Analyse Pangénomique : du laboratoire de recherche au chevet des enfants atteints de cancer

Sur les 50 nouveaux médicaments approuvés par la FDA en 2021, deux tiers ont été développés par la génétique, selon la dernière édition de Nature Reviews Drug Discovery1. Ces produits sont élaborés grâce à l’identification de gènes liés à une pathologie (ou à un phénotype, c’est à dire à la traduction clinique d’une expression génétique). L’essor d’une médecine personnalisée aux individus sur la base de leur génétique se confirme. La médecine de demain est déjà celle d’aujourd’hui…

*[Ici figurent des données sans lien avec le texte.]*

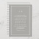 Elegant, simple and formal, our Timeless monogram wedding invitation in neutral Greige grey-beige features a white geometric border framing your wedding details in classic lettering, topped by your initials, monogram or duogram. The text templates in this version are set up with wording for the bride's parents hosting, with the groom's parents listed beneath his name.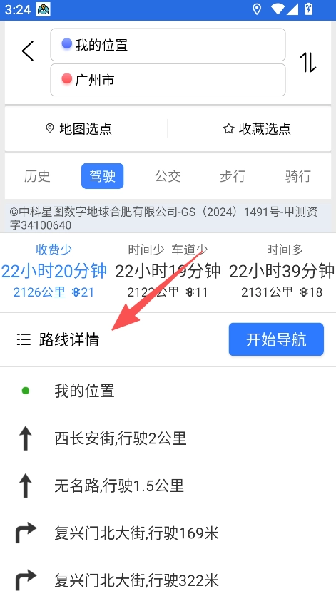 在界面上选择好出行方式后,查看路线的详细信息,接着点击开始导航按钮。

Des big data aux médicaments personnalisés issus de l’analyse du génome

L’analyse pangénomique permet de séquencer soit l’ensemble de la partie codante de l’ADN (exome) ou la totalité du génome (whole genome). Il s’agit de techniques de plus en plus employées pour identifier les signaux génétiques associés à une maladie. Près de 10 000 gènes ont été identifiés dans les maladies rares2, et 5000 dans le cancer3. A ce jour, il a été identifié plus de 500 gènes du cancer avec des anomalies « ciblables » qui répondent à plus de cent thérapies ciblées (anticorps monoclonaux, anti-tyrosine kinase…)3. Il devient plus que jamais nécessaire de faire le point sur les recommandations de génotypage et de screening thérapeutique. Ces thématiques occuperont une large place dans les communications du prochain congrès de la SFMPP.

Notre génome étant composé de 3 milliards de paires de base, l’étude de la génétique humaine fait appel à la science des big data. La finalisation du séquençage du génome humain, complété plus récemment en 2002 sur les régions du génome plus difficile d’accès, marque assurément le début d’une nouvelle ère pour la médecine. Et pour ce faire, il aura fallu la conjonction de deux avancées technologiques sans précédent dans les sciences de la vie :

• Le développement de technologies de séquençage à haut débit pour détecter les variations génétiques
• Et celle de la bio-informatique, pour permettre l’interprétation à visée diagnostiques mais aussi thérapeutique de ces informations.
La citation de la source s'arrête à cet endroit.